• _WORK ORDER_: Keep the pictures out. Write out every line of the listing exactly.

• _RECORDS PROVIDED_:

=======

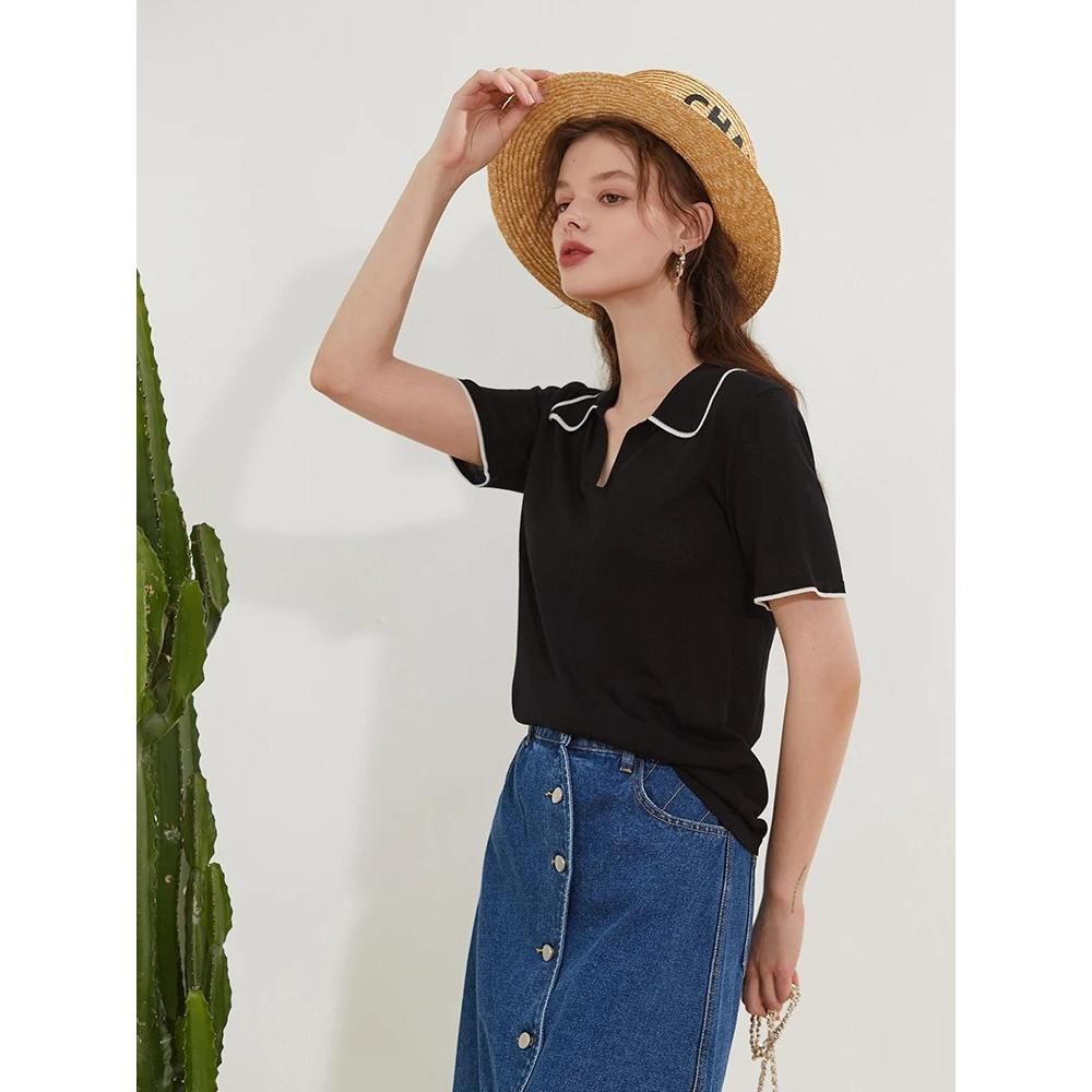 What makes this product special is its unique fabric blend. Silk offers a luxurious feel and a subtle sheen, while lyocell provides durability and moisture-wicking properties. This combination not only feels wonderful against your skin but also holds up well throughout your busy day. The knitted fabric adds a cozy yet professional touch, setting this T-shirt apart from your typical office wear.Embrace Your Professional Elegance
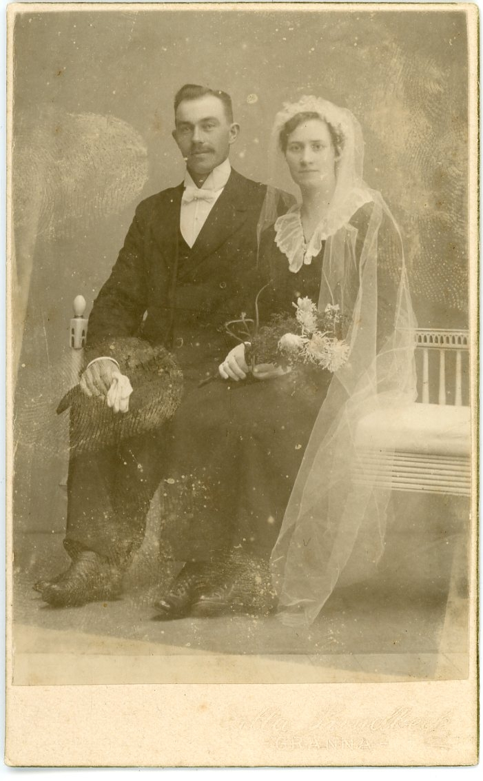 Ett brudpar sitter i en soffa av gustaviansk stil; bruden i mörk klänning.
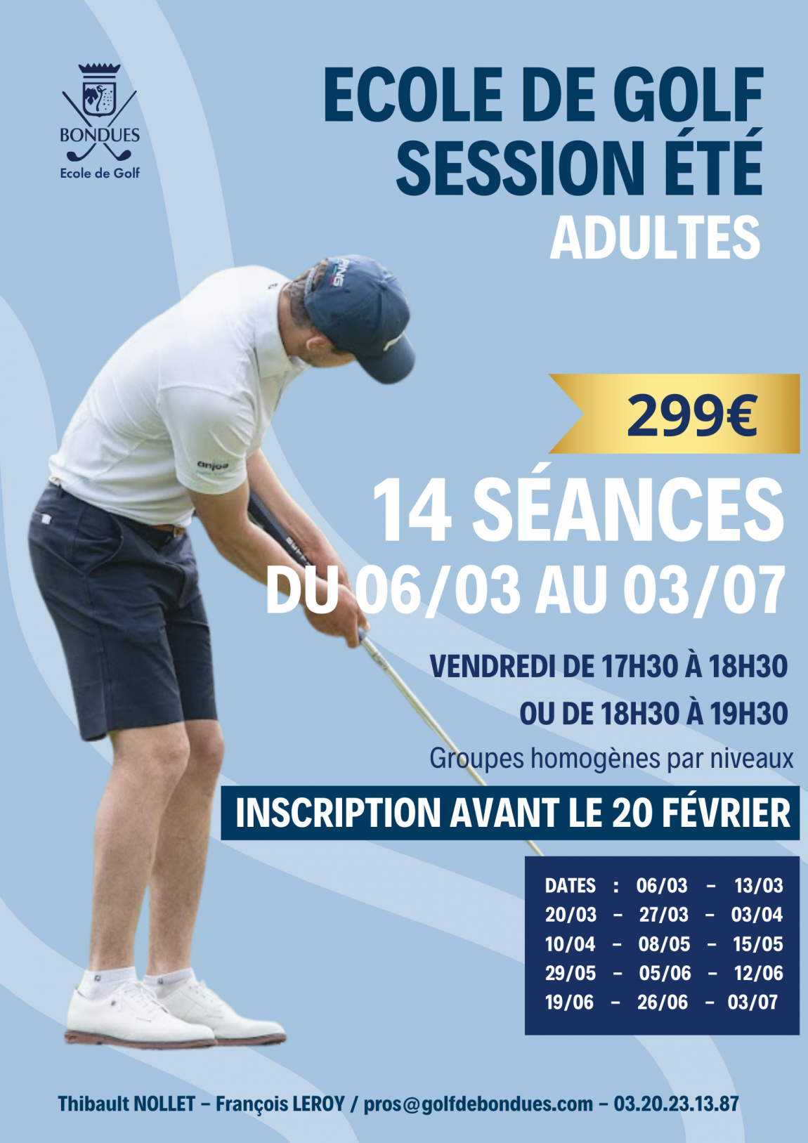 Le Golf de Bondues propose une session estivale dédiée aux adultes, idéale pour progresser, se perfectionner ou découvrir le golf dans un cadre convivial et structuré.
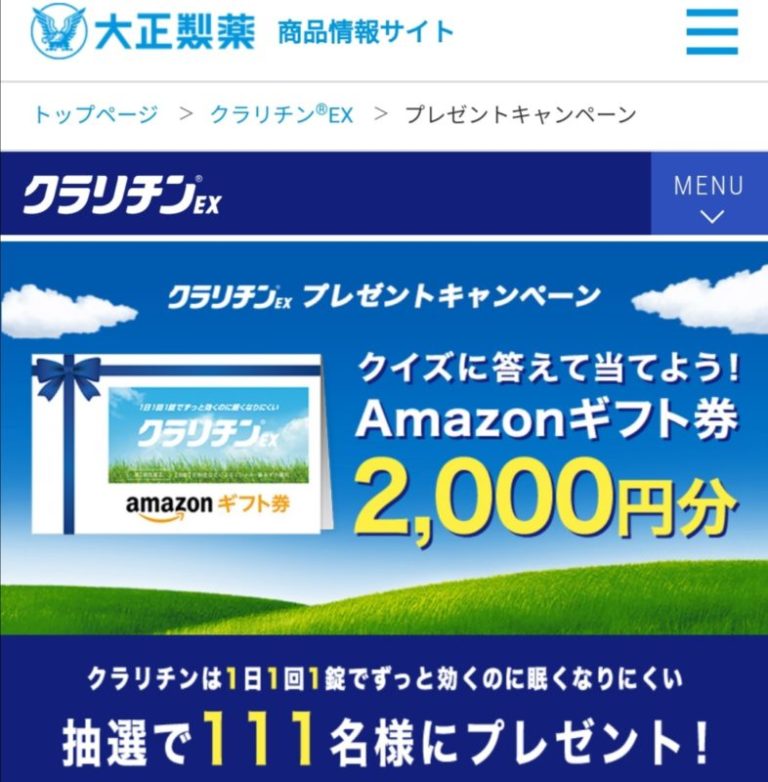 終了大正製薬 クラリチンのクイズに答えるとAmazonギフト券2,000円分が111名に当たるキャンペーン(20/2/28 17時まで)
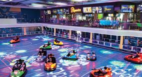 Descend swiftly through the ship from deck 20 to deck 8 on the longest dry slide at sea, The Venom Drop, enjoy the on board bumper cars and roller blades, and immerse yourself in the Video Arcade!

=======

• _SOLVED EXERCISE_:
 What makes this product special is its unique fabric blend. Silk offers a luxurious feel and a subtle sheen, while lyocell provides durability and moisture-wicking properties. This combination not only feels wonderful against your skin but also holds up well throughout your busy day. The knitted fabric adds a cozy yet professional touch, setting this T-shirt apart from your typical office wear.Embrace Your Professional Elegance
 Ett brudpar sitter i en soffa av gustaviansk stil; bruden i mörk klänning.
 Le Golf de Bondues propose une session estivale dédiée aux adultes, idéale pour progresser, se perfectionner ou découvrir le golf dans un cadre convivial et structuré.
 終了大正製薬 クラリチンのクイズに答えるとAmazonギフト券2,000円分が111名に当たるキャンペーン(20/2/28 17時まで)
 Descend swiftly through the ship from deck 20 to deck 8 on the longest dry slide at sea, The Venom Drop, enjoy the on board bumper cars and roller blades, and immerse yourself in the Video Arcade!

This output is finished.